#### Dataset:
· · · ·

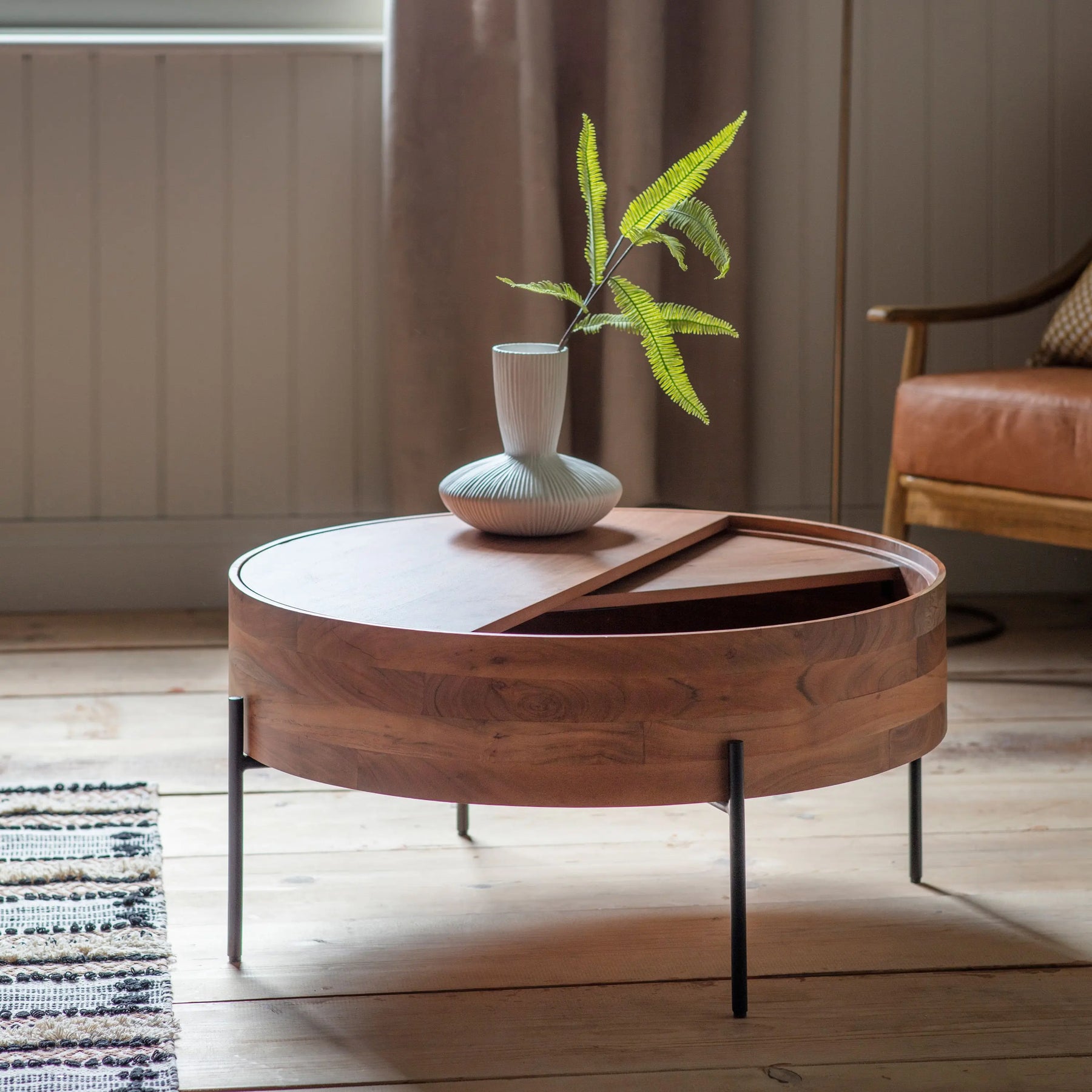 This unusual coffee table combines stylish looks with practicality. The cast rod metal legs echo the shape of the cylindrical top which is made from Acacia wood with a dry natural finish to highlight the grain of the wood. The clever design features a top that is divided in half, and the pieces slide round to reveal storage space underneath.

· · · ·

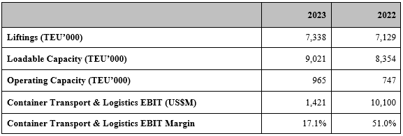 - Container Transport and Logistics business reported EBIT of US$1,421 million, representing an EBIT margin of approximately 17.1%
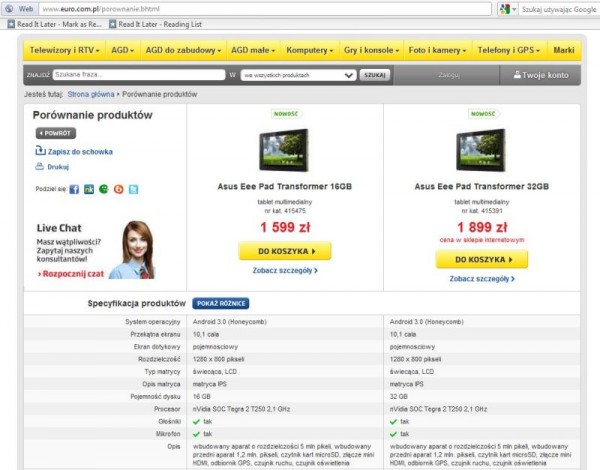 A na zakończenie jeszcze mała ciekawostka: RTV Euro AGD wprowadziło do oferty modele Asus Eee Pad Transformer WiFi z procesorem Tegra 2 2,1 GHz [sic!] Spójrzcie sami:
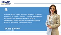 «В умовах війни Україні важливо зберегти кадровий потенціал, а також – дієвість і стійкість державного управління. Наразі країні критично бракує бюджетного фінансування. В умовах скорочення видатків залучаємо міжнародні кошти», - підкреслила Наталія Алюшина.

· · · ·

#### What to work on:
Pictures are to be left out. Write out only the lines above starting at the one with "- Container Transport" and ending at the one with "підкреслила Наталія Алюшина.", both lines included, exactly.

#### Exercise result:
 - Container Transport and Logistics business reported EBIT of US$1,421 million, representing an EBIT margin of approximately 17.1%
 A na zakończenie jeszcze mała ciekawostka: RTV Euro AGD wprowadziło do oferty modele Asus Eee Pad Transformer WiFi z procesorem Tegra 2 2,1 GHz [sic!] Spójrzcie sami:
 «В умовах війни Україні важливо зберегти кадровий потенціал, а також – дієвість і стійкість державного управління. Наразі країні критично бракує бюджетного фінансування. В умовах скорочення видатків залучаємо міжнародні кошти», - підкреслила Наталія Алюшина.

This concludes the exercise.